今は「不況」なのか?  (2009.4.6)

 100年に一度の不況という表現がすっかり浸透してしている今の世界の状態だったりする。不況なのでどうにもならない方面があちこちに出ている。というより、良い状態の方面を探す方が難しいでしょう。

 で、さてはて、今の状態を「不況」と安易に呼んでも良いのかという疑問もあったり。
 報道などで一番よく出される不況の例が、乗用車の販売台数の激減である。不況だから売れない、と言っているのだけど、この先以前のように乗用車が売れるようになることなどあり得るのか、大いに疑問。もう、そういう時代というか人々の意識ではないのでは。

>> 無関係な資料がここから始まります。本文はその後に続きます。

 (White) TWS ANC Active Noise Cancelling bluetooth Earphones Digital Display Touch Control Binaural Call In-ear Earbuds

 前に何かで読んだのだけど、あらゆるものを消費してきた日本人は「もういいよ」と感じていると。物質的な消費ばかりが幸せじゃないと気づき始めているようだと。もう今のような社会システム自体にも疑問を持ち始めていたはずで、やっとという感じ。だいぶ前にHP内に、今のような社会システムに対する疑問を書いた

 今回の不況以前の状態が正常であれば、今の世の中は「不況」ではあるけど、もう違う方向へシフトしないとどうにもならないと思うし、それなら単純に「不況」と言ってもいつまでも問題解決の糸口すら見えないのではないかと思われ。

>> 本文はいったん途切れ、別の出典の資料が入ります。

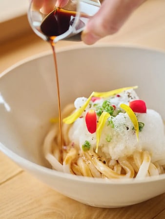 「by age 18」は、うどん県⺠10,000⼈以上が訪れ、昨年マレーシアに2号店もオープンした⾹川県のプラントベース・グルテンフリーうどんレストラン。

 まぁ、それをやろうにも、とりあえず少しは景気を良くしておいてからでないと身動きがとれないというか、多大な犠牲を払わないとならなくなるのだろうけど。
 少なくとも、もしある程度現在の不況を脱することができても、消費者が以前のような消費活動をするだろうか?必要なもの、本当に欲しいものは買うだろうけど、その考え方や質はもう変わっていると思うのだけど。
 リチャード・ラヤードという神父が「国内総生産量(GDP)は幸福を計る最悪の尺度である」と言ったそうだが、いつまでもGDPを基準にして「ああしなきゃ、こうしなきゃ」という時代ではもうなくなっているでしょうに。